Он не ответил. Душе стало немножко больно. Ощущение натянулось и пропало, стоило вздохнуть поглубже. Я подышала, глядя вдаль и делая вид, что принюхиваюсь к чаю. Попросила заново наполнить чашку.
— Что сказать для пользы дела? — я смирилась с тем, что меня используют.
— Все годится. Дело такое, в нем нет пользы, одна маята.
— Ладно. — Я задумалась. Частые и мелкие облака скользили, как облетающий яблоневый цвет. — Люди вроде цветов: все цветы называются цветами, а разве они схожи?
— Есть роза, а есть сурепка. Это даже мне видно, — хмыкнул Яков. Вдруг встрепенулся, умчался и явился вновь. Подал мне розу на длиннющем стебле, грубо выломанную в ближней оранжерее. Протянул нож. Вздохнул и торжественно велел: — Отдели живое от мертвого!
— Это как?
— А так... — он хмыкнул, вроде бы чуть виновато. — Жив так проверяют, когда они еще маленькие и дар в них не заметен. Это первый навык. Срезать стебель по живому. Цветы, срезанные живами, остаются свежими втрое дольше, чем срезанные обычными людьми.
— Не знала...
— Глупая была подначка, — Яков шагну в сторону, сунул розу в бочку с водой — слева от двери, под водоскатом. — Срезанные живами цветы не дают корней, это второй признак их дара. А ты срезаешь, и всегда прут корни. Я присматривался.
— Мята, три дня назад, — кивнула я, и на душе стало тяжелее. — Не просто так принес.
— Я же налетчик. Не сердись, а? Я признался.
— Сержусь. Но ты признался... ладно. Что я говорила о цветах до этой твоей гадости? Ага: все разные! Есть вершки и корни. Клубни, луковицы и ползучие плети, готовые стать вершками, если садовник не уследит. Тебе в людях интересны вершки, причем сегодняшние. Кто чем живет в этот день, много ль ему досталось солнца, сколько он стоит в срезке или в горшке. Мне занятны корни. Почему первоцветы выстреливают среди снега и прячутся, когда прочие цветы только проснулись?
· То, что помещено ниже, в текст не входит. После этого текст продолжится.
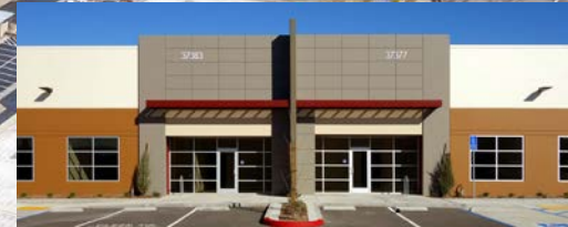
BUILDINGS 24 & 26

Что за сила у них — не бояться зимы? Отчего их судьба — вспыхнуть синевой среди льда и сгинуть... Столь краткая жизнь — трагедия или дар? Пролески не знают старости, они возвещают весну.
Я сунула пустую кружку в ладонь Якова. Он замер, жмурясь и хмурясь. Переваривал слова... или принимал, как микстуру? Пока он искал пользу в моих рассуждениях, я дотянулась до шляпки, висящей на крюке у кровати. Быстро прошла через комнату, распахнула дверь и выбралась во двор. У меня одна шляпка, это трагично для барышни. Но я привыкла. Засова или замка на двери моей комнаты нет. Это для барышни совсем нехорошо, хотя в имении Дюбо ночных татей не водится.
— Пошли укоренять. Только ты говорил, что утром Мергель не в себе.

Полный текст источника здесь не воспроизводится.